If more people were only focused on making society a better place, rather than making money from society, many social problems wouldn’t exist.
Yet, money and profit are so addictive people can’t see how bizarre their behaviour and attitude to society is. They genuinely believe making money is more important than helping others. Even if making money comes at the detriment of others.
The only way to justify that logic is through the lens of the system we live in. It makes no sense if we view life with compassion.
Yet, because of the twisted logic that dominates many people would think Fleming is a fool for not protecting his ‘property’.
To see just how twisted the logic that now dominates is, we need only glimpse into the murky world of patent laws.
Patents, patents everywhere
In The Price of Inequality, Joseph Stiglitz offers an insight into how twisted the world of patent laws has become.
Within the realms of patents, lawyers are all-powerful. Some firms take advantage of their power and function as ‘patent-holding companies’. These law firms buy sleeping patents (patents that have not yet been used to bring products to the market) at a low price. Then, when a company tries and bring the product to market, the law firm claims trespass and threatens to shut it down as a form of extortion.
This happened to Research in Motion, the makers of the BlackBerry phone. Research in Motion;
Became the target of a patent suit from ‘patent-holding company’ NTP, Inc…it wasn’t even clear whether the patents that were supposedly infringed were valid. But until their claims are reviewed and declared invalid — which may take years and years, the “owners” of the patent can shut down any firm that might trespass, unless it pays whatever fee and accepts whatever conditions are imposed upon it…in this case, BlackBerry gave in to the demands and paid more than $600 million to NTP.Joseph Stiglitz, The Price of Inequality, p. 254
In short, ‘patent-holding companies’ exist to patent ideas created by other companies. They then bribe them out of hundreds of millions of dollars for the privilege of using the idea they came up.
They are nothing more than parasites. What is incredible is not that these parasitic law firms exist; it’s that there are laws that justify their existence.

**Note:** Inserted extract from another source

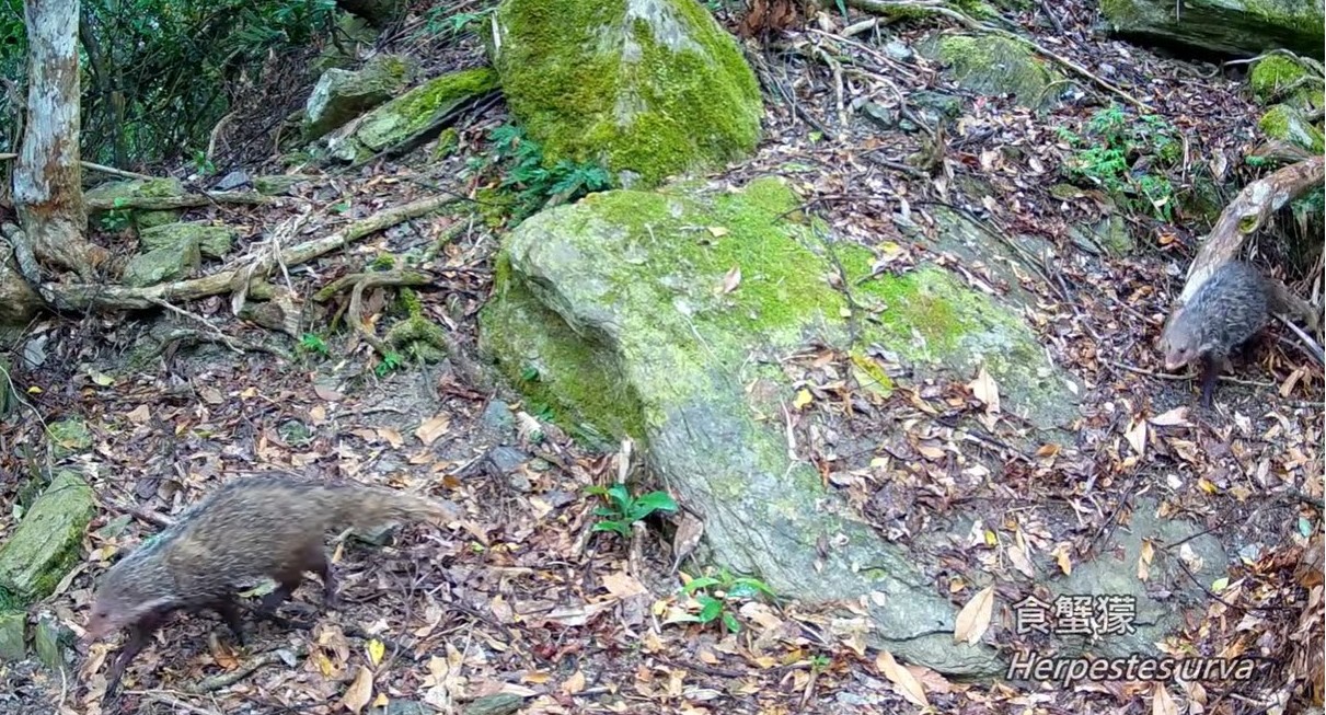 兩隻食蟹獴一起出現。圖/玉管處提供

They serve absolutely no function outside of sucking up good ideas and extorting companies into giving them money to use those ideas. Think about all the wasted time that is being misdirected towards parasitic behaviour, for the aim of making money.
Nothing about a patent-holding company is beneficial to anyone, other than the lawyers who make money from the process.

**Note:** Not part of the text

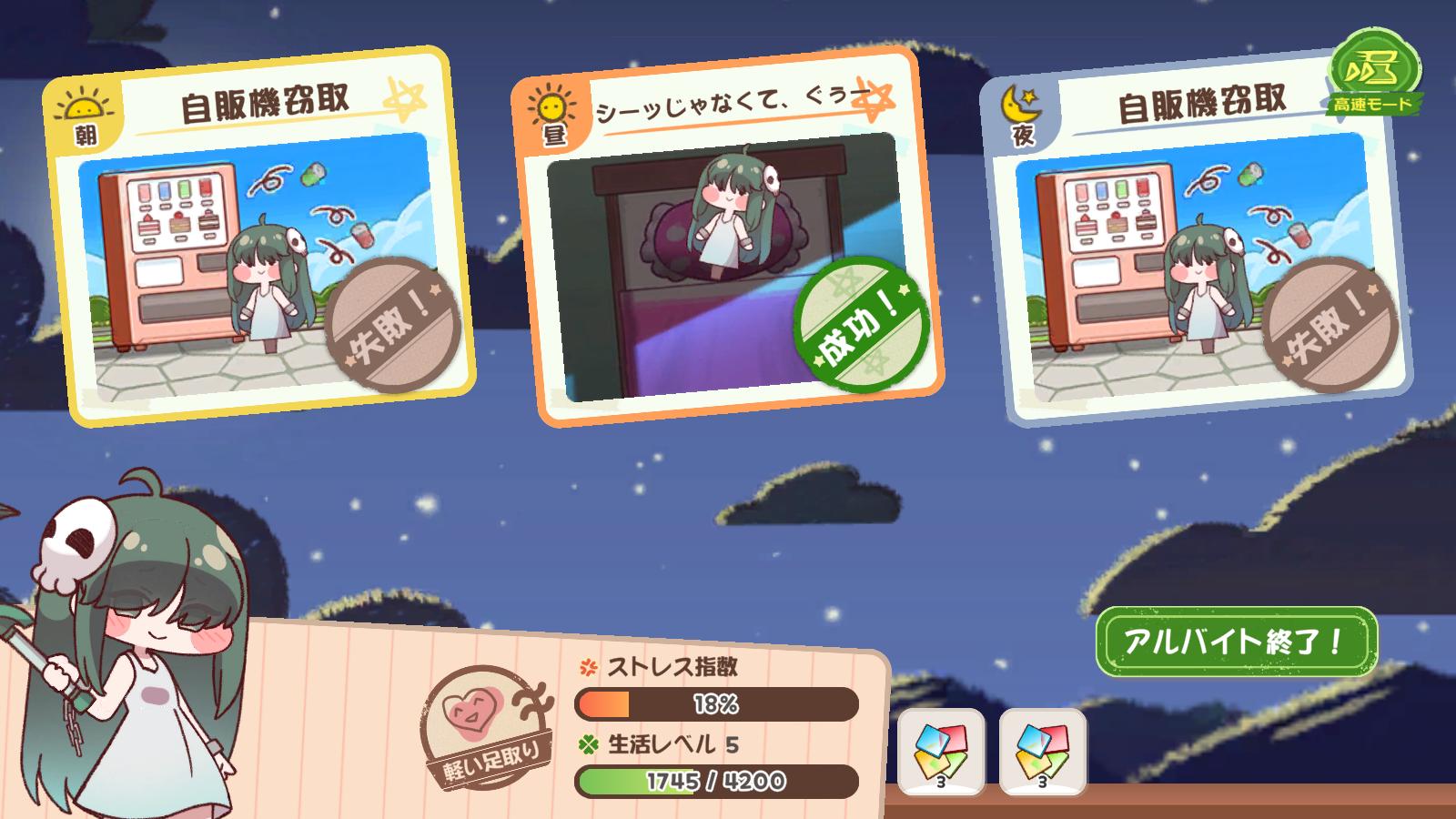 | … | 48526/03/30(月)09:53:24 ID:BN2zlQn6No.1415658923そうだねx1生活レベル5のサリーは上昇したバイトのレベルにステータスが付いていけてないにゃん… |

Wealth supersedes kindness
It’s not difficult to imagine what one of these parasitic law firms would have done if they had patented penicillin or the internet. They would have extorted the entire world out of billions of dollars, and we would have let them do it, because, through the eyes of the law, they would have done nothing wrong. In fact, they would have been well within their rights to charge a price for the privilege of using the idea.
To solve these types of issues, you could just change the law. Because not only should these sorts of people not be allowed to make hundreds of millions of dollars for sucking money out of society, they should go to prison for attempting to do so.
The unfortunate reality we live in is that the Flemings and Berners-Lee’s are a minority in the world. There are countless others whose only desire is to profit from society.
The minority do deeds out of kindness. The majority do deeds to make money. It is this fact that lies at the heart of so many problems we are facing.
As Micheal, the homeless man in the picture put it, if we all did deeds out of kindness and not for our own gain; human problems would blow away in the wind.
It all sounds so simple. Yet, unfortunately, the pursuit of wealth has had a terrible impact on the human psyche. It has rotten the human soul and made people mad with greed.
Only when the power of kindness overcomes the love of money and the greed that it creates will we solve our greatest social problems. As long as greed and self-interest dominate, those problems will continue to exist.